Data scientists perform services ranging from data infrastructure design and management, to data analysis of various kinds. In my consulting I focus on the data analysis side, and in particular on so-called machine learning tasks, which is what I will discuss here.

Generally, machine learning refers to the software implementation of mathematical models that extract from historical data the information needed to respond, usually automatically, to new data instances in some way.

For example, spam filters predict whether to designate a new email as “junk”, based on how a user previously designated a large number of previous messages. A property valuation site suggests the sale price for a new home, given its location and other attributes, based on a database of previous sales.

Machine learning models are usually adaptive in the sense that new data is being continually assimilated to improve its performance over time.

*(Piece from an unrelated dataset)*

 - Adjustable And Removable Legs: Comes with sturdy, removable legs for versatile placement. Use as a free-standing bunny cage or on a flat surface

Typical machine learning tasks

Here is a non-exhaustive list of tasks a data scientist can help you carry out:

  • Sales forecasting for inventory management

  • Recommender systems, e.g., for movies

  • Credit scoring and next-best offers

  • Pricing of goods and services, e.g., property and insurance policies

  • Sales forecasting for inventory management

  • Real-time selection of web-page advertising

  • Text-based sentiment analysis

  • Content relevance tasks, such as web search results

  • Fraud detection

  • Risk assessment

  • Prediction of equipment failures

  • Network intrusion detection

  • Automated message filtering/prioritisation

  • Market segmentation

The data scientist’s edge

It is difficult to implement machine learning tasks without a detailed knowledge of learning algorithms (and their limitations!) guided by a proper theoretical grounding in statistical theory.

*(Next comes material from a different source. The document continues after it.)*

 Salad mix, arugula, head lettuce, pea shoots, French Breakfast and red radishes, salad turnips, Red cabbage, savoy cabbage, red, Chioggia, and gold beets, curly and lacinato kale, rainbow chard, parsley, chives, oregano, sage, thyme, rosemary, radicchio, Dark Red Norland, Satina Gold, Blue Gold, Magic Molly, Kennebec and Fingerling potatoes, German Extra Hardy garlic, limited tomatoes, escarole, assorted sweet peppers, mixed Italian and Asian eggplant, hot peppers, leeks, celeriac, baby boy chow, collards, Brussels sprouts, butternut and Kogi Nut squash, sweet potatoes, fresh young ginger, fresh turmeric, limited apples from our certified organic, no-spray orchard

Any experienced data scientist will tell you that no one model or algorithm is the best for all tasks. While an out-of-the-box solution may sometimes be appropriate, most models benefit significantly from careful tuning and a data scientist may try several models before settling on particular one. In an advanced technique known as stacking a data scientist may even combine several models together to gain that extra edge.

A crucial role played by the data scientist is in the interpretation of a model’s output. For a start, a poor choice of improperly trained model can easily generate garbage responses, and troubleshooting is difficult without an understanding of the model’s inner workings. For a subtler example, consider the problem of selecting a home-valuation model for a bank. One might be tempted to choose the model with the lowest error, as estimated on some test data. However, from a risk-management perspective, the bank may actually prefer a model with a larger average error, if one can associate greater certainty with the error estimate. Addressing issues such as these requires some mathematical and statistical sophistication.

To get an idea of the complexity of model-selection, check out this (somewhat outdated) cheat-sheet from ScikitLearn (a suite of Python machine learning algorithms) originally created by Andreas Mueller:

cheat-sheet

Why the hype now?

Data science is a relatively new field because:

  • The collection of the the large amounts data needed to effectively train models has been previously limited to a small number of large enterprises. Nowadays, any operation with a web site is already routinely collecting data.

  • The computational resources needed to train (or even develop) many models was not historically available. This meant that data analysis tasks (such as credit scoring or insurance pricing, for example) relied heavily on specialised domain knowledge, ad hoc approaches, and simple (less accurate) models that were computationally inexpensive.